> **Prompt**
Output the whole listing below exactly, omitting the images.

> **Supplied data**
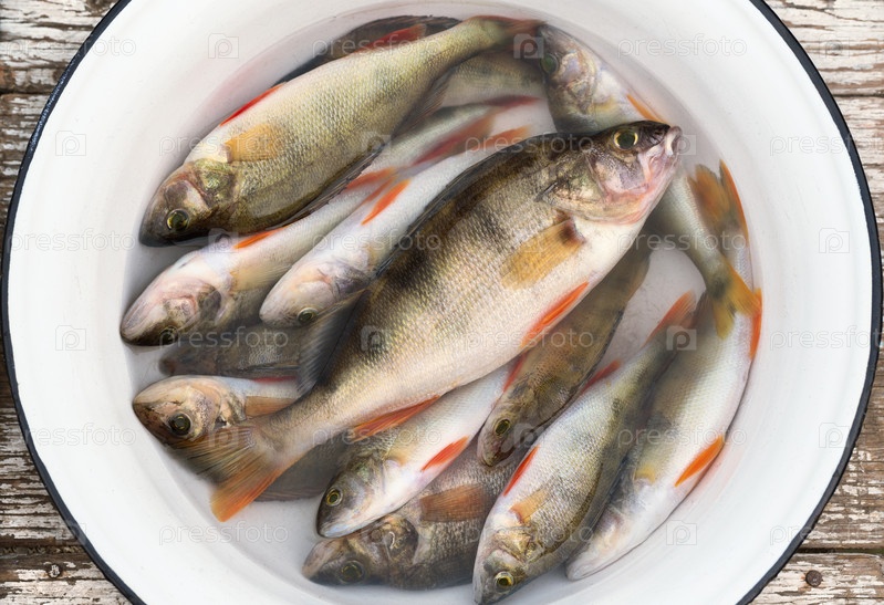 Свежий окунь в белой тарелке на деревянном табурете
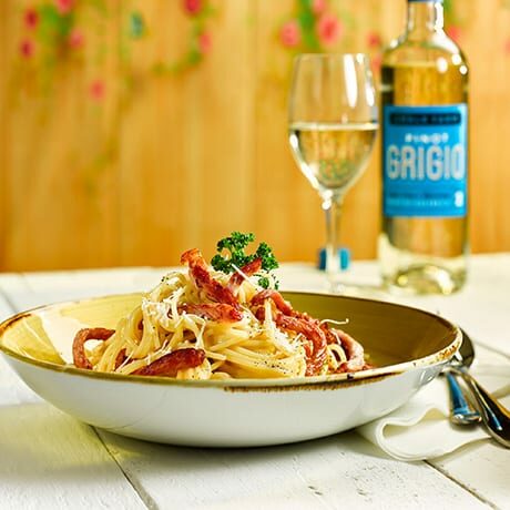 - When the pasta is ready, lift out from the pan of water and add into the frying pan with the bacon and garlic.
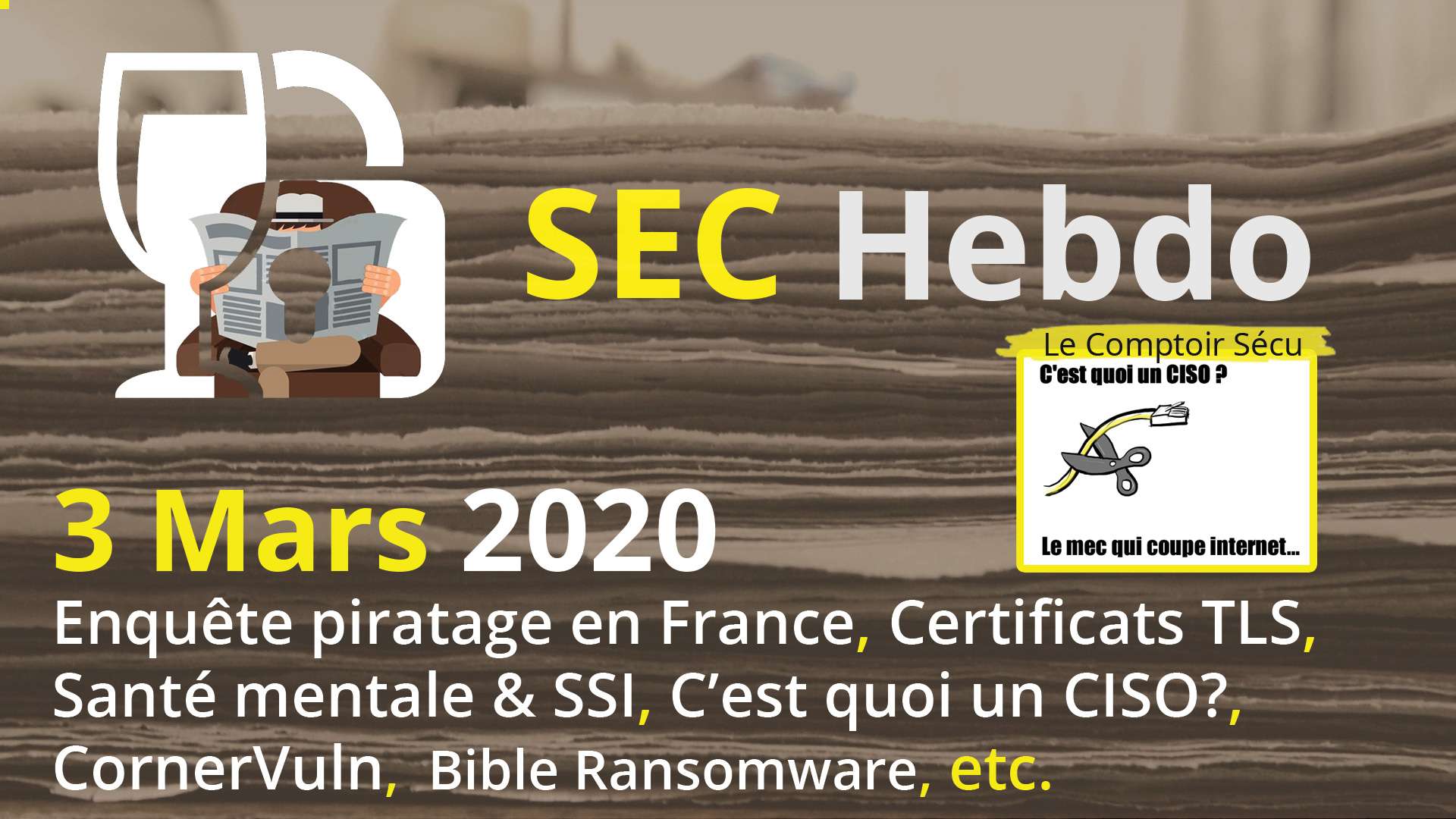 Enquête piratage en France, Certificats TLS, Santé mentale & SSI, C'est quoi un CISO ?, CornerVuln, Bible Ransomware, etc.

> **Answer area**
 Свежий окунь в белой тарелке на деревянном табурете
 - When the pasta is ready, lift out from the pan of water and add into the frying pan with the bacon and garlic.
 Enquête piratage en France, Certificats TLS, Santé mentale & SSI, C'est quoi un CISO ?, CornerVuln, Bible Ransomware, etc.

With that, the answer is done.